Madagascar : conférence de presse d’organisations de la société civile réclamant transparence et publication des signataires

329 organisations : la transparence des signataires, un test de crédibilité démocratique

Selon plusieurs médias locaux, 329 organisations de la société civile malgache se seraient mobilisées pour dénoncer un retour à des pratiques de gouvernance marquées par le manque de concertation et de transparence, l’absence de véritable volonté de refondation, ainsi que la prédominance de calculs politiques visant à consolider durablement des positions de pouvoir.

Les informations relayées évoquent également :

  • une confiance citoyenne fragilisée ;
  • la montée de violences populaires, révélant des failles du système judiciaire ;
  • des recommandations, dont la tenue rapide d’une conférence nationale sur la transition ;
  • la priorisation des services essentiels et l’instauration d’une gouvernance transparente ;
  • l’accélération des réformes institutionnelles et électorales, ainsi qu’une demande de clarification sur les prochaines échéances.

La mobilisation est présentée comme massive. Mais au-delà du contenu politique, une question méthodologique mérite d’être posée.

Une annonce forte… sans liste nominative

À ce stade, aucune liste publique détaillant les 329 organisations signataires n’apparaît dans les contenus relayés. Pas d’annexe officielle, pas de document consolidé accessible au public, pas de publication claire et vérifiable des signataires.

Or, dans les standards internationaux du plaidoyer civique, une déclaration collective de cette ampleur est généralement accompagnée :

  • de la liste nominative des organisations signataires ;
  • de leur statut (association, ONG, plateforme, réseau, etc.) ;
  • de leur implantation (nationale, régionale, locale) ;
  • éventuellement des représentants ou responsables ;
  • d’un contact officiel (presse ou coordination).

La transparence n’est pas un détail technique : elle conditionne la crédibilité.

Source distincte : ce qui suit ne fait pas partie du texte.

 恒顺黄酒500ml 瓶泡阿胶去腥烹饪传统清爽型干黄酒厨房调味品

Représentativité : une question légitime

Annoncer un chiffre élevé produit un effet politique évident. Mais sans identification des signataires, plusieurs interrogations restent ouvertes :

  • combien d’organisations ont une portée nationale ?
  • combien sont des structures régionales ou locales ?
  • combien sont des réseaux ou plateformes regroupant déjà plusieurs membres ?
  • combien sont actives et vérifiables (existence légale, activités, implantation) ?

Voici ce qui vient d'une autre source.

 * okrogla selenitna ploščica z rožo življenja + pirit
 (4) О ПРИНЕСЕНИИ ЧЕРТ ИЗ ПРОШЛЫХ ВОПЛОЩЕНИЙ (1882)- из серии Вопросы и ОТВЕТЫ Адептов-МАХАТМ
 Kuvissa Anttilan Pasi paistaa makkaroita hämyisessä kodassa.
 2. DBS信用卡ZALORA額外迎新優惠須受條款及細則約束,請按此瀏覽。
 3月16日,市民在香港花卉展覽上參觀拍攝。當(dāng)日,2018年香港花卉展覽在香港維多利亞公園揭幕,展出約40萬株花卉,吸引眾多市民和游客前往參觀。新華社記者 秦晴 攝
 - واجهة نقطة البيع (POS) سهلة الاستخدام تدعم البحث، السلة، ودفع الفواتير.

Il ne s’agit pas de contester une mobilisation. Il s’agit d’évaluer la représentativité et la solidité du signal envoyé au public.

Les normes ailleurs

Dans d’autres pays, lors de mobilisations comparables, les pratiques de référence consistent à :

  • publier les listes complètes en annexe ;
  • rendre les signataires vérifiables ;
  • mettre à disposition un document officiel consultable (communiqué + annexes) ;
  • permettre aux journalistes et citoyens de contrôler l’existence et la représentativité des organisations.

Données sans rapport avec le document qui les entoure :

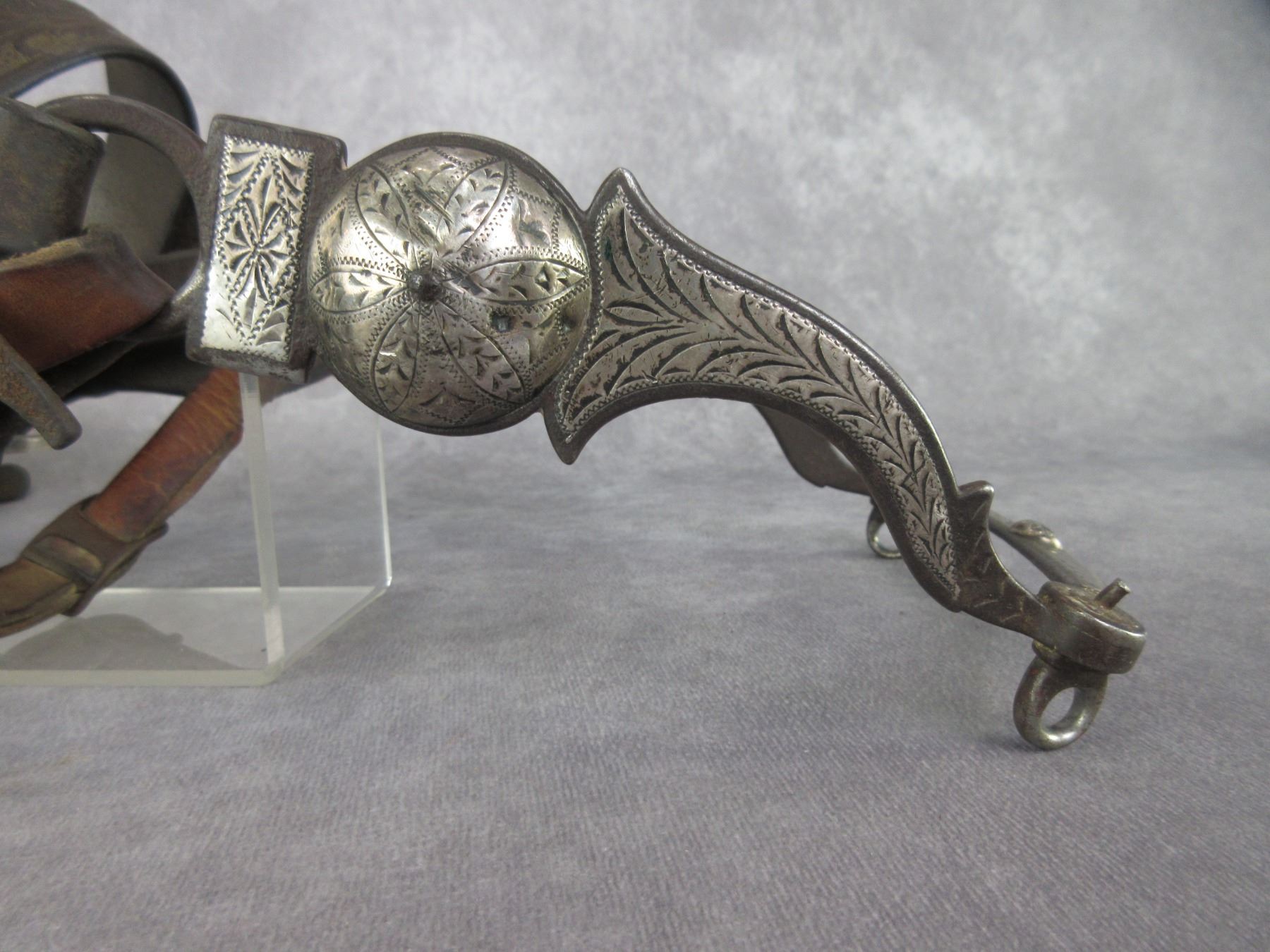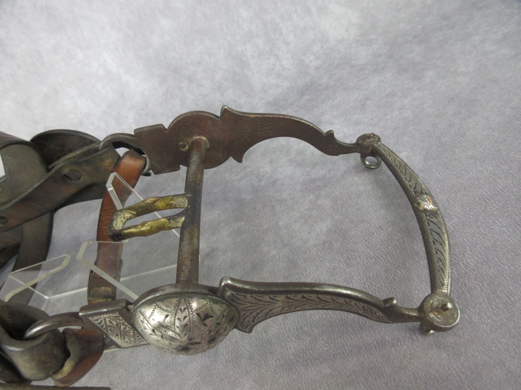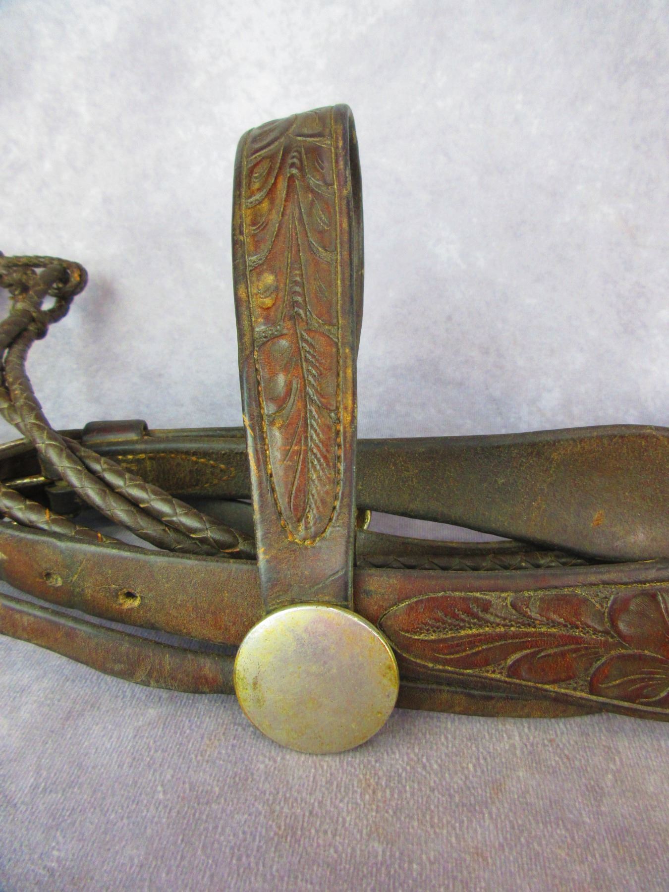 Large Marked Heiser Denver Browband Flower Tooled Headstall- Nickel And Iron Conchos- 5 Dot Marked Hernandez Silver Inlaid Bit- Arizona Cheek- Halfbreed Mouth (Missing Roller)- Slobber Bar ( Missing Caps)- Leather Romal Reins- Good Condition Headstall

Cette rigueur protège la société civile elle-même, les institutions interpellées, et la qualité du débat public.

Une exigence de cohérence

La déclaration critique un manque de transparence dans la gouvernance publique. Or, la cohérence démocratique suppose que cette exigence s’applique aussi aux acteurs civiques.

Réclamer des normes élevées implique de les incarner. Publier la liste complète des signataires ne serait pas un geste polémique : ce serait un acte de clarification.

Un enjeu de maturité démocratique

Dans un contexte marqué par la défiance et les suspicions, la transparence agit comme un outil de stabilisation. Un chiffre sans liste :

  • alimente le doute ;
  • ouvre la porte aux spéculations ;
  • peut affaiblir le message porté.

À l’inverse, une publication complète des signataires :

  • renforce la crédibilité ;
  • structure le débat ;
  • consolide la confiance.

Conclusion

La question n’est pas de contester la légitimité d’une mobilisation. La question est d’élever les standards du débat public.

Si 329 organisations ont effectivement signé cette déclaration, la publication détaillée des signataires ne ferait que renforcer leur position.

Dans une démocratie exigeante, la transparence n’est pas une option. Elle est la condition du sérieux.

ℹ️ Avis personnel — Les opinions exprimées dans cet article sont personnelles et n'engagent que l'auteur. Elles visent à nourrir la réflexion et le débat constructif sur Madagascar.